● **Work required**
What is needed is an exact copy of every line from the one with "數(shù)顯扭轉(zhuǎn)試驗機(jī)技術(shù)指標(biāo): 1 扭矩測量范圍:20Nm" to the end of the entries below, without the pictures.

Records contained in a dataset:
Start of Block

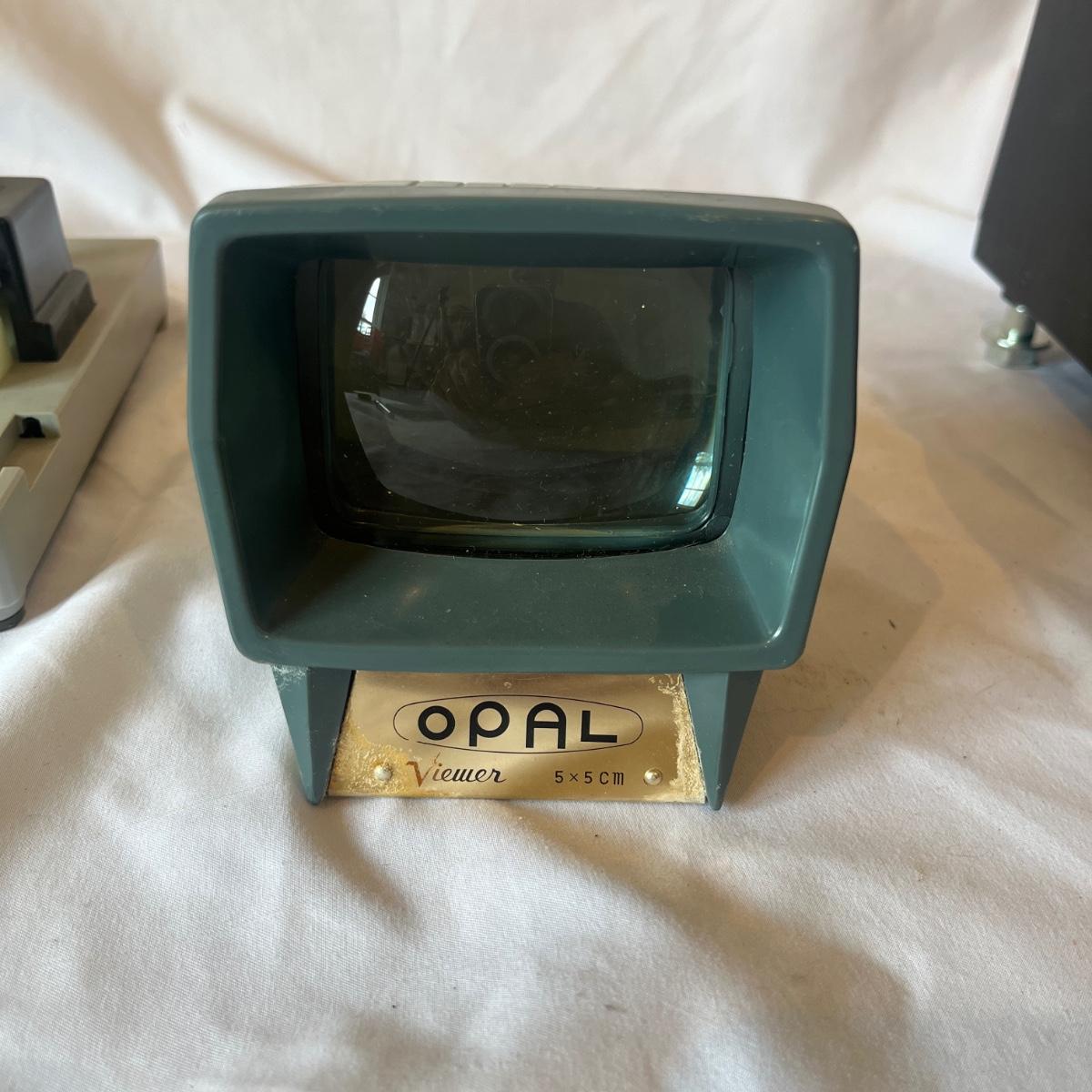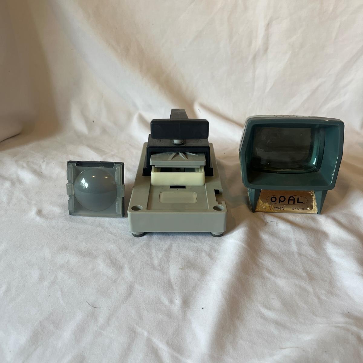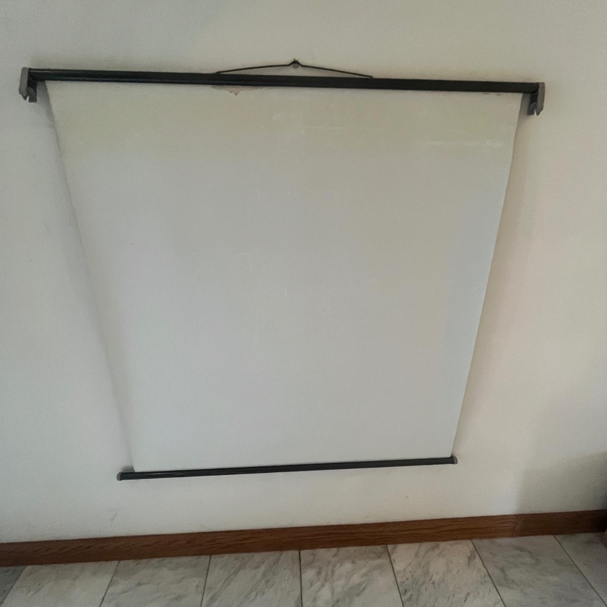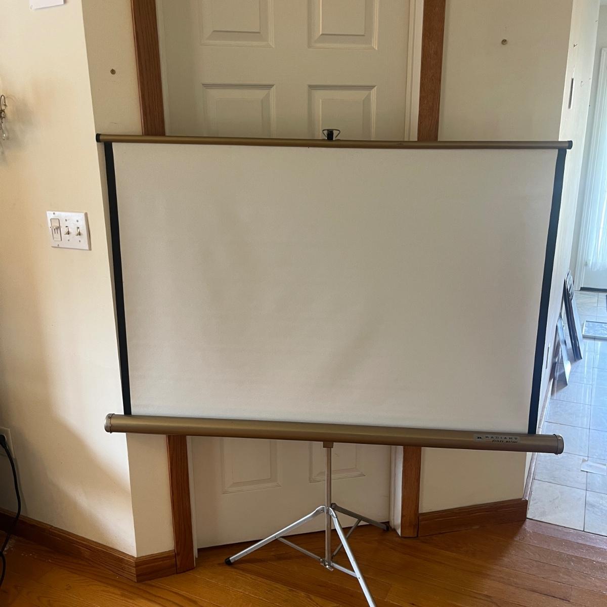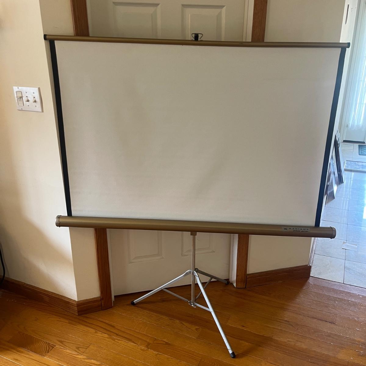 Lot includes a Rollei slide projector that powered on when plugged in. Radiant screen with stand that measures 55” x 72”H. Also includes hanging screen and a handheld slide viewer.
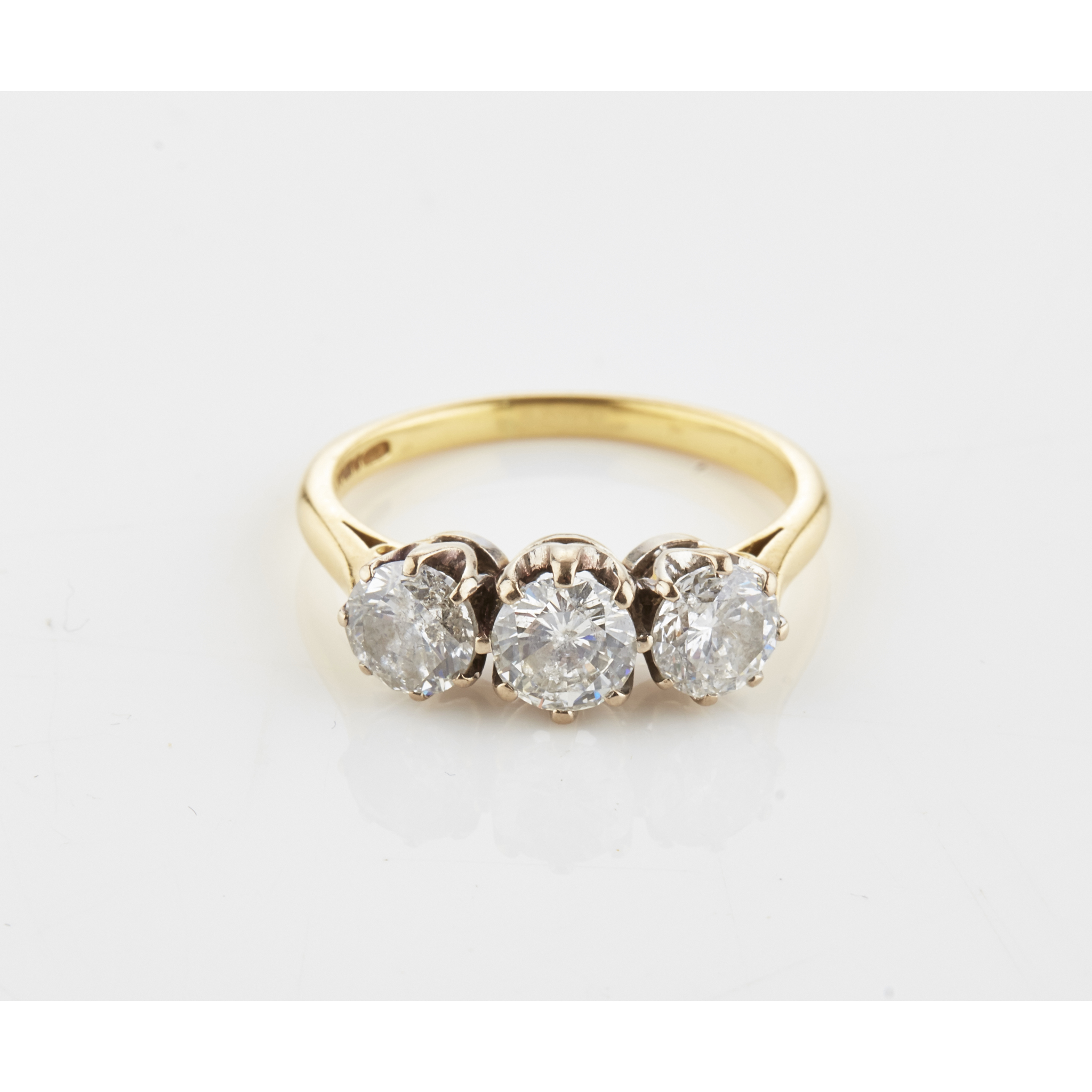 claw set with three slightly graduated round cut diamonds, to a plain 18ct gold shank
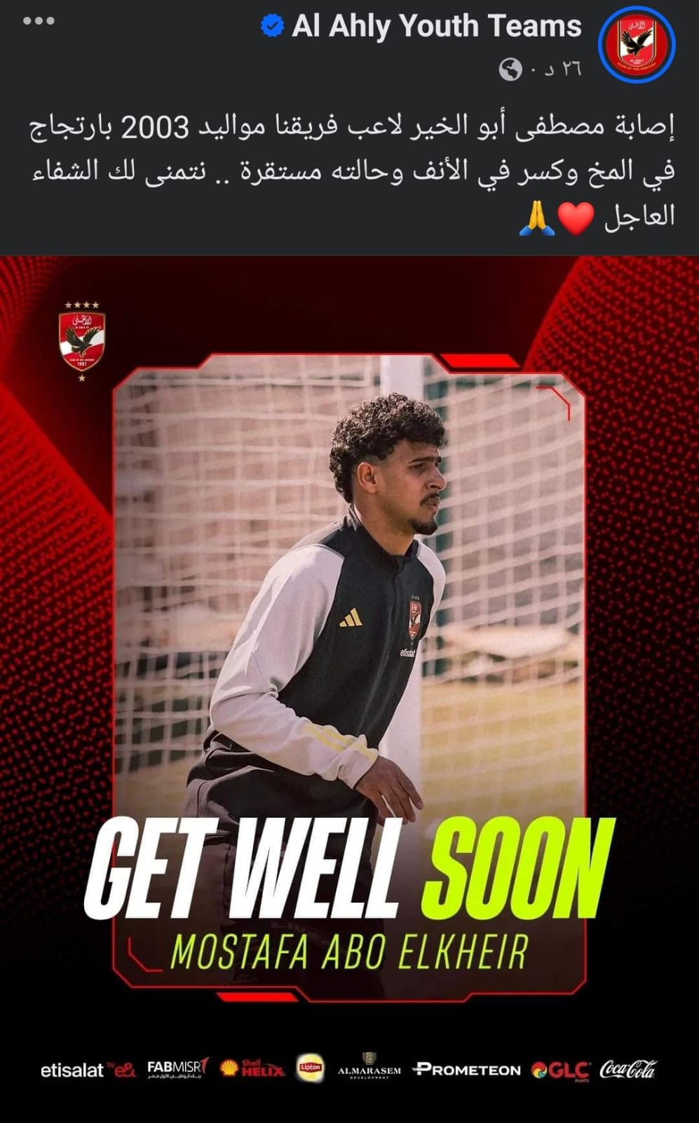 وكتب الحساب الرسمي للنادي الاهلي عبر موقع التواصل الاجتماعي “فيس بوك”:”إصابة مصطفى أبو الخير لاعب فريقنا مواليد 2003 بارتجاج في المخ وكسر في الأنف وحالته مستقرة”.
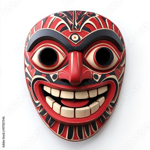 mask, facial, art, decoration, culture, expressive, vibrant, hand-made, wooden, unique, tradition, heritage, festival, performance, symbol, craftsmanship, aesthetic, artistic, design, joyful, intricate, red, black, mouth, eye, cultural, historical, tribal, exhibit, display, museum, collectable, community, celebration, pattern, ornamental, sculptural, visual, gallery, portrait, folk, character, imagery, representation, creativity, shadow, light
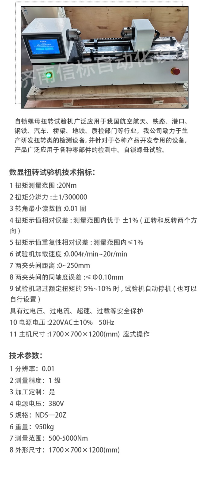 數(shù)顯扭轉(zhuǎn)試驗機(jī)技術(shù)指標(biāo): 1 扭矩測量范圍:20Nm 2 扭矩分辨力:±1/300000 3 轉(zhuǎn)角最小讀數(shù)值:0.01圈 4 扭矩示值相對誤差:測量范圍內(nèi)優(yōu)于±1% (正轉(zhuǎn)和反轉(zhuǎn)兩個方向) 5 扭矩示值重復(fù)性相對誤差:測量范圍內(nèi)≤1% 6 試驗機(jī)加載速度:0.004r/min~20r/min 7 兩夾頭間距離:0~250mm 8 兩夾頭間的同軸度誤差:≤Φ0.10mm 9 試驗機(jī)超過額定扭矩的5%~10%時,試驗機(jī)自動停機(jī)(也可以自行設(shè)置) 具有過電壓、過電流、超速、過載等安全保護(hù) 10 電源電壓:220VAC±10% 50Hz 11 主機(jī)尺寸:1700×700×1200(mm) 座式操作 功能特點: 1、適用于WINDOWS平臺的中文試驗軟件,實現(xiàn)試驗數(shù)據(jù)采集處理。 2、可實時采集試驗數(shù)據(jù)、運算處理、實時顯示并打印結(jié)果報告。 3、曲線遍歷:可用鼠標(biāo)對曲線數(shù)據(jù)逐點訪問,以便求取各種數(shù)據(jù)。扭矩與扭角關(guān)系曲線中能反映任意點扭矩—角度的關(guān)系,能方便地在曲線上找到所求數(shù)據(jù)點;可方便地對曲線局部放大還原等。 4、根據(jù)需要可隨時對扭矩、角度測量通道進(jìn)行手動或自動清零。 5、自動存盤:試驗條件、試驗數(shù)據(jù)自動存盤,需要時可隨時調(diào)出。 6、批量試驗:試驗條件設(shè)定后,可依次完成一批樣品的試驗,試驗條件、試樣參數(shù)、測試數(shù)據(jù)、結(jié)果可存儲,隨時調(diào)用,再次試驗無須設(shè)置。 7、打印試驗報表。
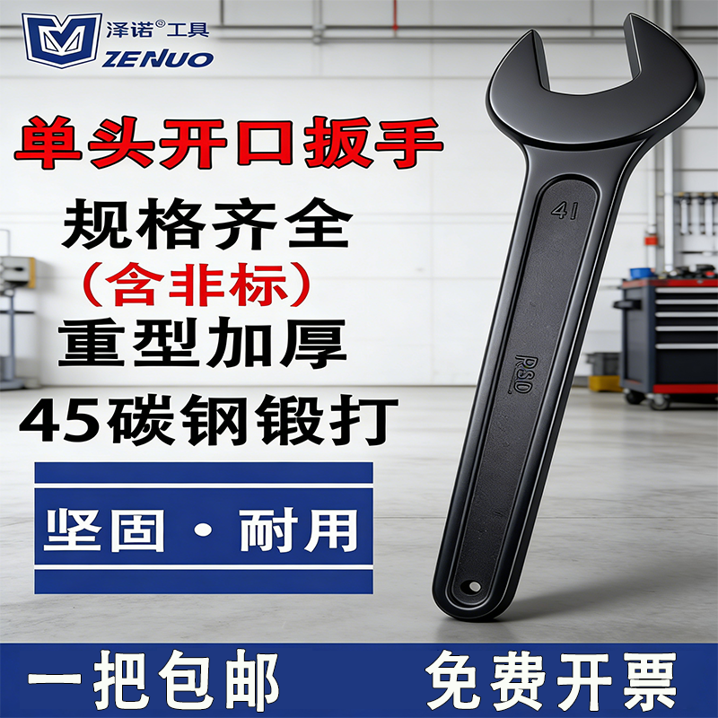 📚 重型单头开口扳手高碳钢46mm大号呆口发黑扳手叉板手塔吊专用扳手

End of Block

● **Result**
 數(shù)顯扭轉(zhuǎn)試驗機(jī)技術(shù)指標(biāo): 1 扭矩測量范圍:20Nm 2 扭矩分辨力:±1/300000 3 轉(zhuǎn)角最小讀數(shù)值:0.01圈 4 扭矩示值相對誤差:測量范圍內(nèi)優(yōu)于±1% (正轉(zhuǎn)和反轉(zhuǎn)兩個方向) 5 扭矩示值重復(fù)性相對誤差:測量范圍內(nèi)≤1% 6 試驗機(jī)加載速度:0.004r/min~20r/min 7 兩夾頭間距離:0~250mm 8 兩夾頭間的同軸度誤差:≤Φ0.10mm 9 試驗機(jī)超過額定扭矩的5%~10%時,試驗機(jī)自動停機(jī)(也可以自行設(shè)置) 具有過電壓、過電流、超速、過載等安全保護(hù) 10 電源電壓:220VAC±10% 50Hz 11 主機(jī)尺寸:1700×700×1200(mm) 座式操作 功能特點: 1、適用于WINDOWS平臺的中文試驗軟件,實現(xiàn)試驗數(shù)據(jù)采集處理。 2、可實時采集試驗數(shù)據(jù)、運算處理、實時顯示并打印結(jié)果報告。 3、曲線遍歷:可用鼠標(biāo)對曲線數(shù)據(jù)逐點訪問,以便求取各種數(shù)據(jù)。扭矩與扭角關(guān)系曲線中能反映任意點扭矩—角度的關(guān)系,能方便地在曲線上找到所求數(shù)據(jù)點;可方便地對曲線局部放大還原等。 4、根據(jù)需要可隨時對扭矩、角度測量通道進(jìn)行手動或自動清零。 5、自動存盤:試驗條件、試驗數(shù)據(jù)自動存盤,需要時可隨時調(diào)出。 6、批量試驗:試驗條件設(shè)定后,可依次完成一批樣品的試驗,試驗條件、試樣參數(shù)、測試數(shù)據(jù)、結(jié)果可存儲,隨時調(diào)用,再次試驗無須設(shè)置。 7、打印試驗報表。
 📚 重型单头开口扳手高碳钢46mm大号呆口发黑扳手叉板手塔吊专用扳手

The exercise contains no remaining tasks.